### EXERCISE DESCRIPTION
Quote the entries below from the line with "As part of Sureify’s" through the line with "2026ss LV春夏新款装饰短袖 整体采用17种色钻", both ends included, and only those lines.

### THE INPUT
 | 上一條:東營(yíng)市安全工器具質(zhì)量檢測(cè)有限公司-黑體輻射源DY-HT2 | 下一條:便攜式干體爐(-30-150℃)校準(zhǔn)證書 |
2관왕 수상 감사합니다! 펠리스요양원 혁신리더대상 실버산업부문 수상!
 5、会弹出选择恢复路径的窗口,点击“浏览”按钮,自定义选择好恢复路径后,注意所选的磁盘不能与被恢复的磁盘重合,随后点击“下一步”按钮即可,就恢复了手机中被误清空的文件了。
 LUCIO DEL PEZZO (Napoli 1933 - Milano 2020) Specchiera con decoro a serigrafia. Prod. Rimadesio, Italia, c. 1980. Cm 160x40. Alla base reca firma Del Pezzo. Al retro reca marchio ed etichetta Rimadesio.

==

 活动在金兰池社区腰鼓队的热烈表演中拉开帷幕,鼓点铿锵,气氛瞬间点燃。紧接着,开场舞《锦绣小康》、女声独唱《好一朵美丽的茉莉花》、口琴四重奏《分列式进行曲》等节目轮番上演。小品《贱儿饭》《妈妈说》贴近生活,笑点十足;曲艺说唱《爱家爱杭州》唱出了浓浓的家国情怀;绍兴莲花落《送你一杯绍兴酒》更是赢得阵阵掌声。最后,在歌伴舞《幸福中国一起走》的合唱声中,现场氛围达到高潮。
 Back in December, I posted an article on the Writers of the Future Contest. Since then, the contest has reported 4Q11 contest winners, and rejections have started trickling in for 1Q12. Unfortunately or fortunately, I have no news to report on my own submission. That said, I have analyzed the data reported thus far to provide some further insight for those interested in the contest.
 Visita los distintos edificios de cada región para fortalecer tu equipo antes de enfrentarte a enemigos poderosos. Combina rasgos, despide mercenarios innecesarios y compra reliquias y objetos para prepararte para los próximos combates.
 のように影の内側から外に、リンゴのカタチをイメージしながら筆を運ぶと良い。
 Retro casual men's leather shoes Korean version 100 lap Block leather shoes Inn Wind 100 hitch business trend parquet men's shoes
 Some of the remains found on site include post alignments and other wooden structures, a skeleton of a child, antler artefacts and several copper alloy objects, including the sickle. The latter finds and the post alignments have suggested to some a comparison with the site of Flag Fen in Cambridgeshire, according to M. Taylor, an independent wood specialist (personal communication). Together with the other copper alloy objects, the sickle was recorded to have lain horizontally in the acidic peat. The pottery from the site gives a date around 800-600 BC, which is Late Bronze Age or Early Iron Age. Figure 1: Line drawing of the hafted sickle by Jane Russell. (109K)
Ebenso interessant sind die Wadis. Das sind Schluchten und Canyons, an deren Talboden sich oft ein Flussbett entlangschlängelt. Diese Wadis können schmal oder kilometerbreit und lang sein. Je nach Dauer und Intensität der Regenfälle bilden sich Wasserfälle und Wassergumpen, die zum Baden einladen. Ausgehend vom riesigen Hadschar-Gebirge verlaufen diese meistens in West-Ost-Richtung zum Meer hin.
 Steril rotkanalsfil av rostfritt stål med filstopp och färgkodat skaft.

...

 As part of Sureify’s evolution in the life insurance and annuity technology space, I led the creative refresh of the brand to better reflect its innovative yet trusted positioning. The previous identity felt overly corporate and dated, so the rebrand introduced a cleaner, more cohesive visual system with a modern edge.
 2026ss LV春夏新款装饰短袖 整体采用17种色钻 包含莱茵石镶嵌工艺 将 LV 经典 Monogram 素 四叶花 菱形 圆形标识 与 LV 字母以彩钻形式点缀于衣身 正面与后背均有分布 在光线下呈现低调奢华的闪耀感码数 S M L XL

### RESULT OF THE TASK
 As part of Sureify’s evolution in the life insurance and annuity technology space, I led the creative refresh of the brand to better reflect its innovative yet trusted positioning. The previous identity felt overly corporate and dated, so the rebrand introduced a cleaner, more cohesive visual system with a modern edge.
 2026ss LV春夏新款装饰短袖 整体采用17种色钻 包含莱茵石镶嵌工艺 将 LV 经典 Monogram 素 四叶花 菱形 圆形标识 与 LV 字母以彩钻形式点缀于衣身 正面与后背均有分布 在光线下呈现低调奢华的闪耀感码数 S M L XL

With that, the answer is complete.